▸ **YOUR OBJECTIVE**
Of the lines in the material below, print only those from the one containing "Indian Motorcycle Men's" to the one containing "भारतीय बाजार मंगलवार", ends included, exactly as written and without pictures.

▸ **INFORMATION SUPPLIED**
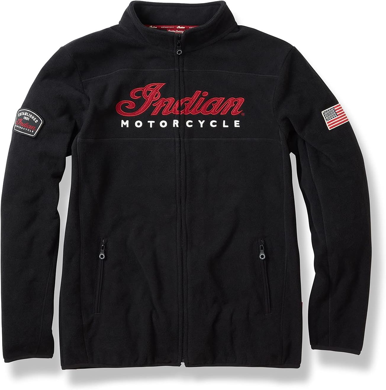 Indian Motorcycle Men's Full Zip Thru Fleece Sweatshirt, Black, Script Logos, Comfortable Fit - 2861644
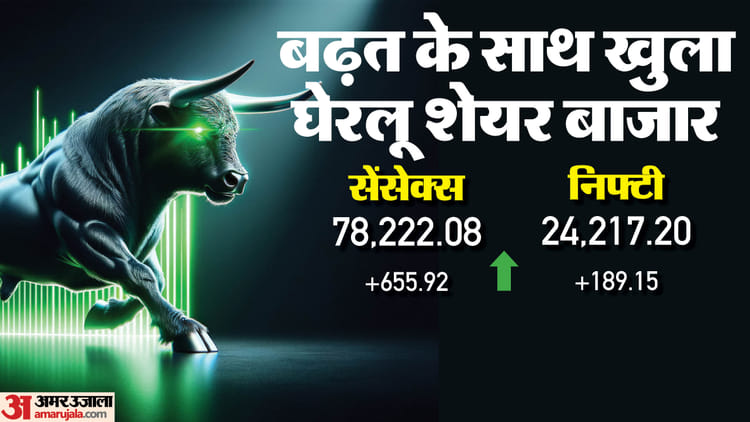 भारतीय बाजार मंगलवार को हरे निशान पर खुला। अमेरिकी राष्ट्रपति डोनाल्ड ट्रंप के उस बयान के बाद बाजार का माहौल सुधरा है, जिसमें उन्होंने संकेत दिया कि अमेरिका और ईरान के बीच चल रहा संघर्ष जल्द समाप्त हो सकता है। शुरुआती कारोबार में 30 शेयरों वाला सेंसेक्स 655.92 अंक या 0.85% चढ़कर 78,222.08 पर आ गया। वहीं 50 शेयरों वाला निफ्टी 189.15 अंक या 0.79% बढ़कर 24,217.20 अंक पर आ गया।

==

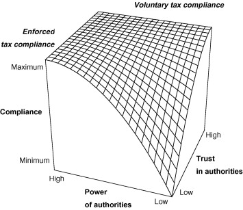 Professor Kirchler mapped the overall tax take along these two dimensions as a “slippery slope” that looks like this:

▸ **COMPLETED TASK**
 Indian Motorcycle Men's Full Zip Thru Fleece Sweatshirt, Black, Script Logos, Comfortable Fit - 2861644
 भारतीय बाजार मंगलवार को हरे निशान पर खुला। अमेरिकी राष्ट्रपति डोनाल्ड ट्रंप के उस बयान के बाद बाजार का माहौल सुधरा है, जिसमें उन्होंने संकेत दिया कि अमेरिका और ईरान के बीच चल रहा संघर्ष जल्द समाप्त हो सकता है। शुरुआती कारोबार में 30 शेयरों वाला सेंसेक्स 655.92 अंक या 0.85% चढ़कर 78,222.08 पर आ गया। वहीं 50 शेयरों वाला निफ्टी 189.15 अंक या 0.79% बढ़कर 24,217.20 अंक पर आ गया।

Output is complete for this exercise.